Anthropic told TechCrunch that it has the ability to restrict access to additional websites and features “if necessary,” to protect against spam, fraud and misinformation, for example. As a security measure, the company keeps all screenshots captured by Computer Use for at least 30 days – a retention period that might alarm some developers.

We asked Anthropic under what circumstances, if any, it would release screenshots to a third party (e.g. law enforcement) if requested, and we will update this post if we receive an answer.
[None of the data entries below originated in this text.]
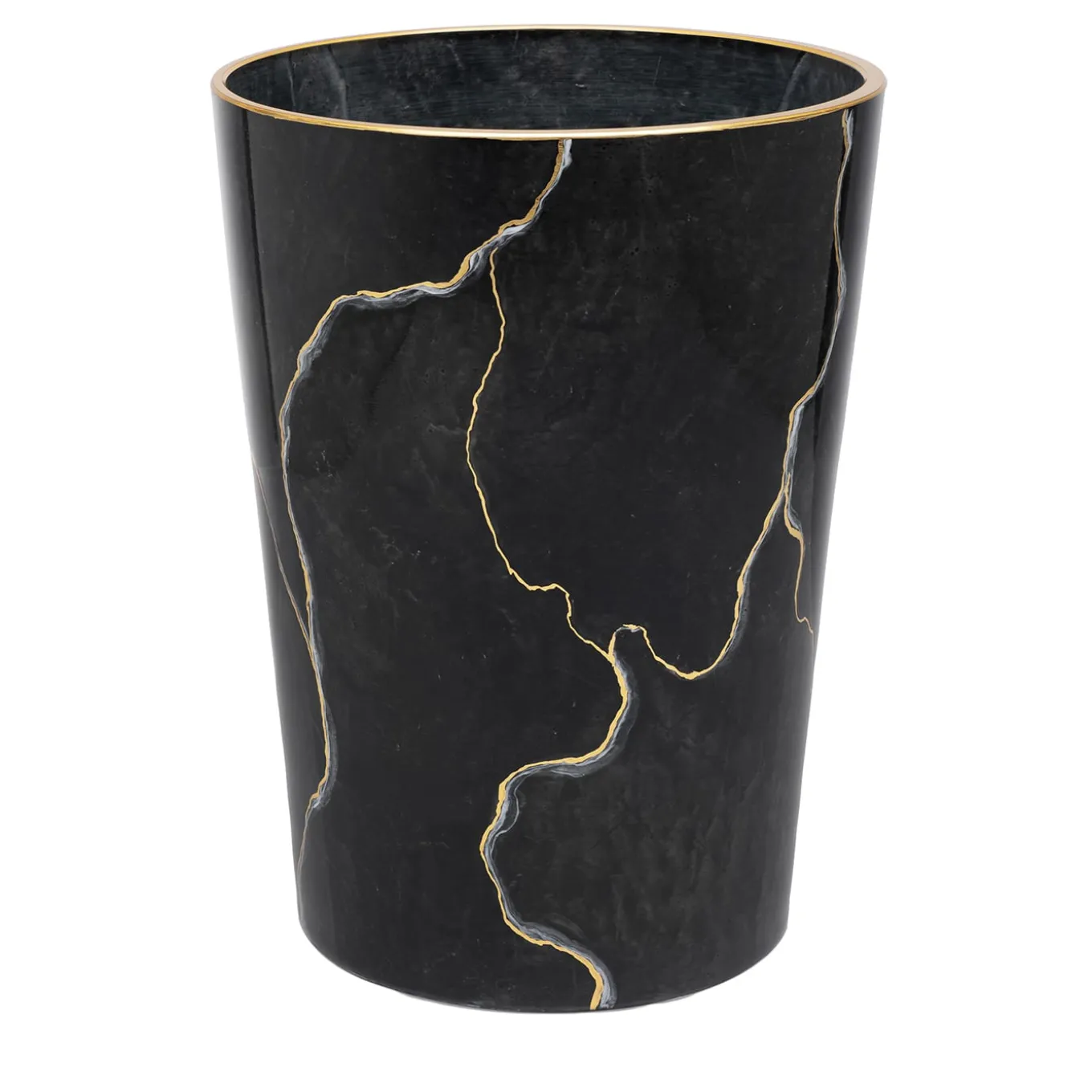 A striking fusion of practicality and artistry, this handcrafted dust bin doubles as an elegant vase. Featuring hand-blown glass meticulously painted to emulate the timeless beauty of Portoro marble, it boasts delicate inlays of gold leaf, each applied with precision for a refined finish. Personalization options include alternative colors inspired by other precious marbles, adding versatility to this sophisticated creation.
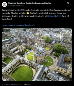 Harvard’s Center for European Studies congratulated Bongwe on his selection Monday in a post on X.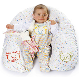 Jetzt kann das Baby kommen! Schlafsack, Badetuch, Stillkissen, Lätzchen und Kuscheltier (Hase) sind bereits gerichtet.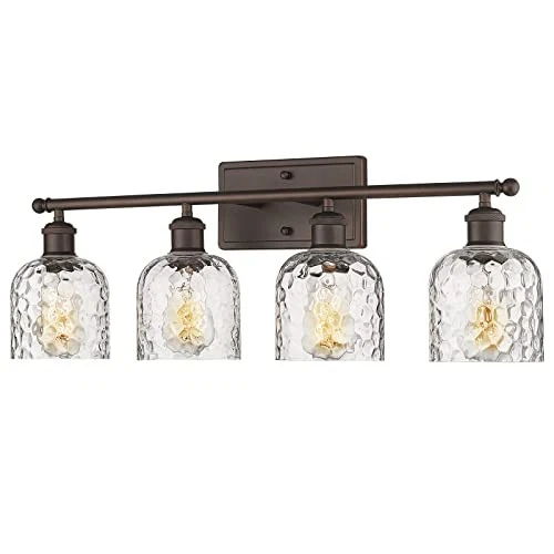 Menu 1. We require immediate payment. 2. We currently accept payment via eBay managed payments only. 3. Once payment is cleared, we will dispatch your shipment within 1-3 business days. Please refer to the "Shipping" tab for more information regarding shipping speed to your destination. 4 Light Fixtures for Bathroom Above Mirror, Vintage Vanity Lighting Fixtures, Oil Rubbed Bronze Finish with Clear Hammered Glass, ZJF63B-4W ORB Product description 【FARMHOUSE & INDUSTRIAL DESIGN】: The 4-light vanity lights over mirror feature a clear hammered glass shade and oil-rubbed bronze finish, reflecting the vintage minimalist design that is suitable for most homes and providing perfect lighting for any space. 【UP/DOWN EASY INSTALLATION】: Hard wired. This farmhouse mirror light can be mounted facing upward or downward to suit your needs. Includes all mounting hardware for quick and easy installation. 【ETL LISTED & WARRANTY】: ETL listed for your safety. It is backed by a 1-year manufacturer's warranty. This oil rubbed bronze bathroom light fixture is ideal for the bathroom, bedroom, dressing room, powder room, headboard, vanity table, makeup dressing table, mirror cabinets, hallway, etc. 【BULB REQUIREMENTS】: Requires 4 x E26 base 60W bulb (incandescent, LED, or CFL). Bulb sold separately. 【24/7 QUALITY SERVICE】: We offer a 30-day money-back for any reason. If you encounter any quality or installation issues, such as a broken glass shade, need replacement parts or help with installation, please don't hesitate to contact us for easy and fast customer service. PLEASE MESSAGE US IF YOU HAVE ANY OTHER QUESTIONS, AND MANY THANKS FOR READING ALL OF THIS. Copyright ©#. All Rights Reserved.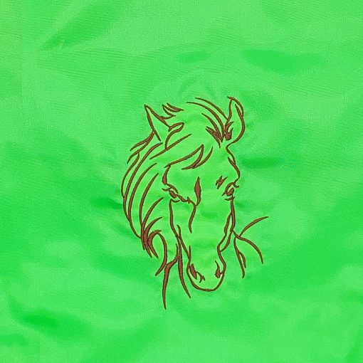 Hímzett ló portré mintával díszített almazöld hátizsák.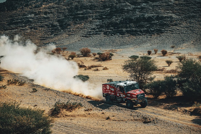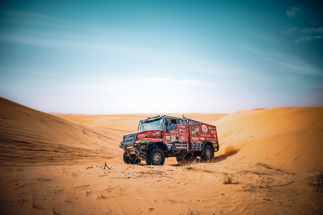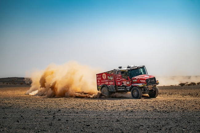 Stage 3 saw another battle at the front, where Red Dragon led much of the stage despite two late punctures near the finish line. Loprais still managed to finish just 1:30 behind the stage leader – a remarkable performance under pressure.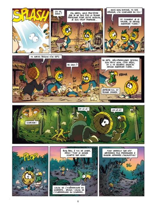 Bien que cela soit une bande dessinée pour les enfants, on peut être rassuré que l’histoire va être du costaud. Davy Mourier est au commande des mots et de l’histoire, donc il livre un travail préparé aux petits oignons. Ainsi il use avec beaucoup d’ingéniosité et de brio de faire des blagues à double sens, de faire des clins d’oeil à des références que les moins de 20 ans ne peuvent pas connaître. Une maîtrise de l’écriture et une bonne culture générale est indispensable pour se plier à ce jeu d’esprit. Ainsi que l’on soit un mineur ou un adulte, cela reste très plaisant et amusant à lire. On ne rit pas forcément des même choses et ce n’est nullement important. Si on a déjà lu « La petite mort », on sait le régal qui nous attend. Bien entendu, ici l’humour noir n’a pas trop sa place. Ceux qui ont déjà vu la série à la télévision seront ravie de retrouver la fine équipe improbable composée d’un pingouin jaune, d’un gorille, d’un poisson dans un bocal, une chauve souris et d’autres compagnons. Une alliance des plus invraisemblable et très complémentaire. Après tout, n’est pas l’union et l’humour qui font la force? Ensemble, ils vont libérer des dodos qui doivent cacher leur tête sous un ananas. Les dodos n’avaient pas disparu à cause des hommes. Nous voilà rassuré et il faut les sauver d’un affreux renard égocentrique. La ruse sera de mise pour le plus grand plaisir des lecteurs qui savourent les mésaventures remplis de rebondissements plus amusants les uns des autres. C’est totalement loufoque et absurde comment ne pas être sous le charme? Dav propose un dessin classique qui ne déroutera pas les habitudes des jeunes lecteurs et Esteban utilise que des couleurs dynamiques et vives. La bande dessinée propose une apparence assez standard pour cueillir l’attention avec des actions rocambolesques. En plus, nous avons le droit à un très sympathique happy end. Que demandez de plus?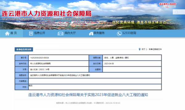 组织各类招聘500场次、新建就业服务站10个、帮扶困难群体就业1500人、发布高校毕业生需求岗位3万个……近日,连云港市人社局出台《关于实施2023年促进就业八大工程的通知》(以下简称《通知》)。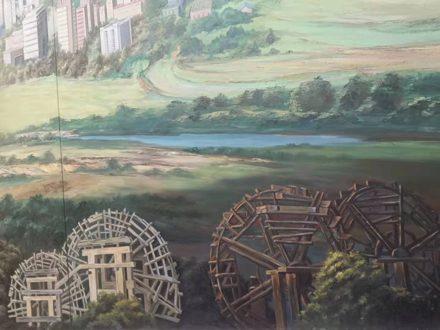 據悉,張鐵濤還用無人機航拍,拍下大量黃河兩岸的照片。根據無人機拍下的照片,張鐵濤又結合寫生草圖進行構思,將油畫創作的技法大膽創新,融合國畫的創作手法,並使用多種油畫顏料、砂石、石英石等綜合材料,終於在2018年12月創作完成巨幅油畫《天下黃河富寧夏》,生動再現黃河兩岸魚米之鄉的美景。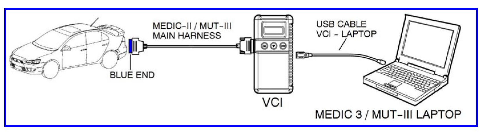 ^ Connect the MUT-III main harness with the blue DLC connection to the VCI.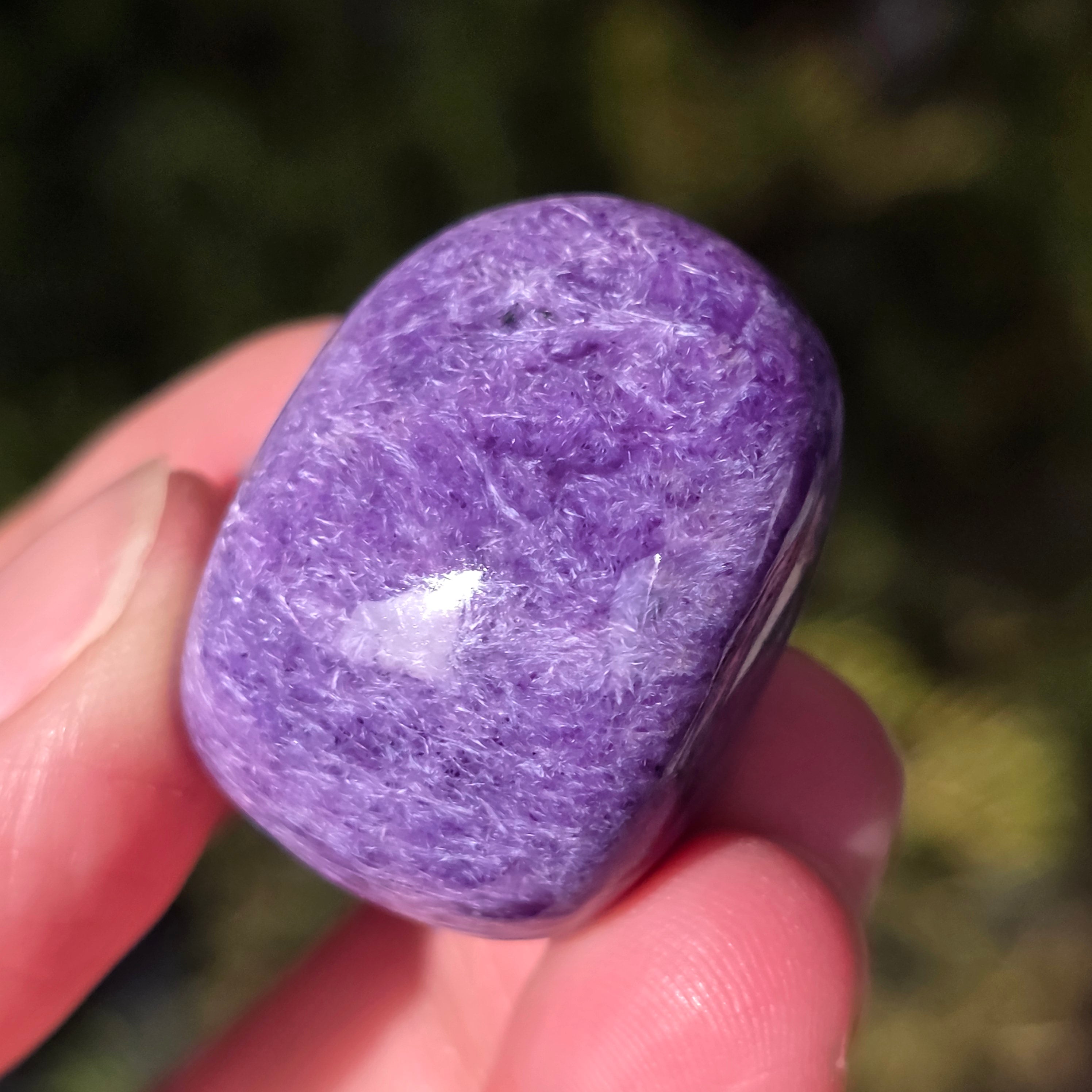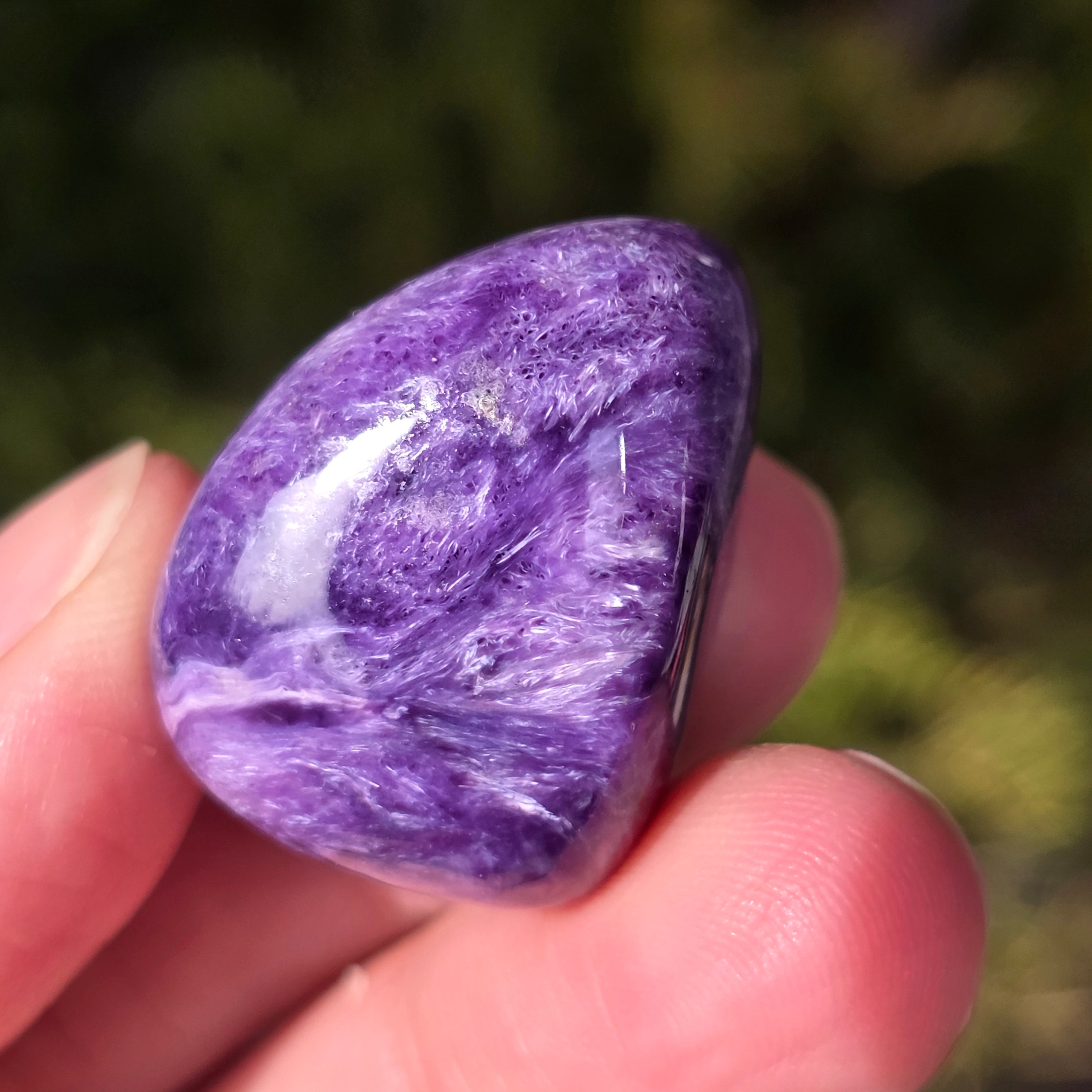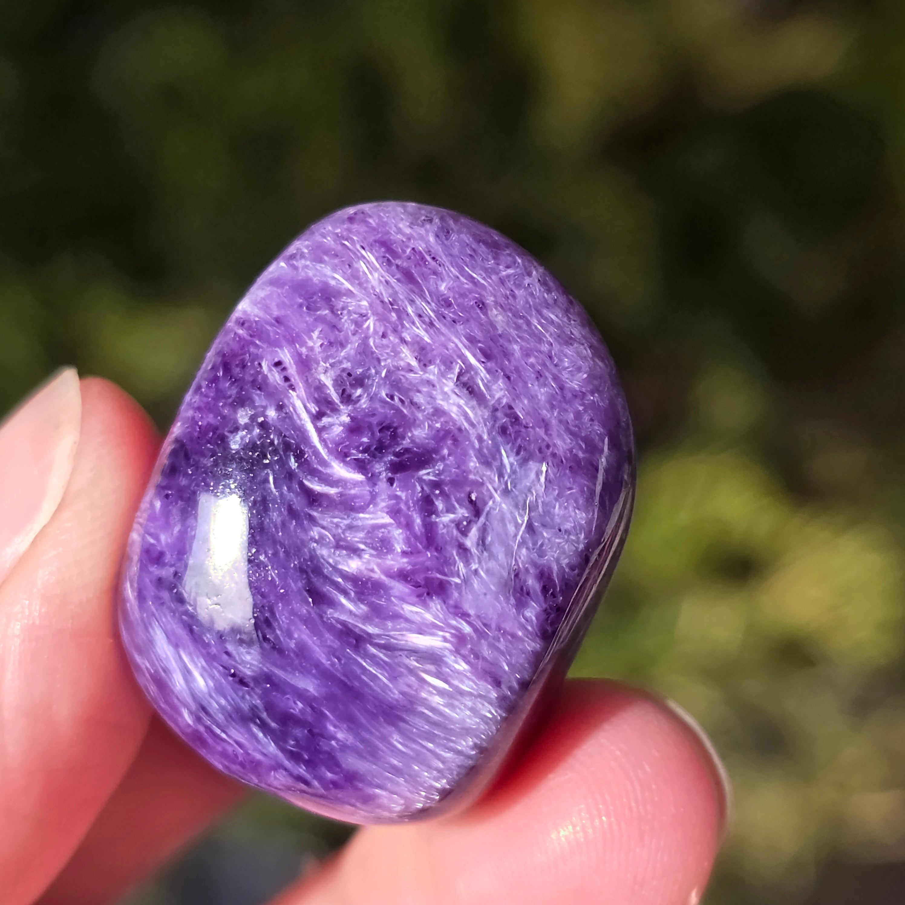 La charoíta se asocia con la sanación emocional y espiritual, la calma de la mente y el equilibrio de la energía. Se cree que esta piedra tiene la capacidad de fomentar la introspección y aumentar la intuición.

“There is no foolproof method, and we will continually evaluate and iterate our security measures to balance Claude’s capabilities with responsible use,” Anthropic said. “Those who use the computer version of Claude should take necessary precautions to minimize these types of risks, including isolating Claude from particularly sensitive data on their computer.”

Hopefully this will be enough to avoid the worst.

A cheaper model

Today’s headliner might have been the upgraded 3.5 Sonnet model, but Anthropic also said an updated version of Haiku, the cheapest and most efficient model in its Claude series, was in the works. road.

Claude 3.5 Haiku, expected in the coming weeks, will match the performance of Claude 3 Opus, once Anthropic’s cutting-edge model, on some benchmarks at the same cost and “approximate speed” of Claude 3 Haiku.

“With fast speeds, improved instruction tracking, and more precise tool usage, Claude 3.5 Haiku is well-suited for user-facing products, specialized sub-agent tasks, and generating personalized experiences from “huge volumes of data such as purchase history, pricing or inventory data,” Anthropic wrote in a blog post.

3.5 Haiku will initially be available as a text-only model, then as part of a multimodal package capable of analyzing both text and images.

Claude 3.5 HaikuClaude 3.5 Haiku

3.5 Haiku benchmark performance. Image credits:Anthropic

So once version 3.5 Haiku is available, will there be many reasons to use version 3 Opus? What about 3.5 Opus, the successor to 3 Opus, which Anthropic teased last June?

“All models in the Claude 3 family have their individual uses for customers,” the Anthropic spokesperson said. “Claude 3.5 Opus is on our roadmap and we will be sure to share more as soon as possible.”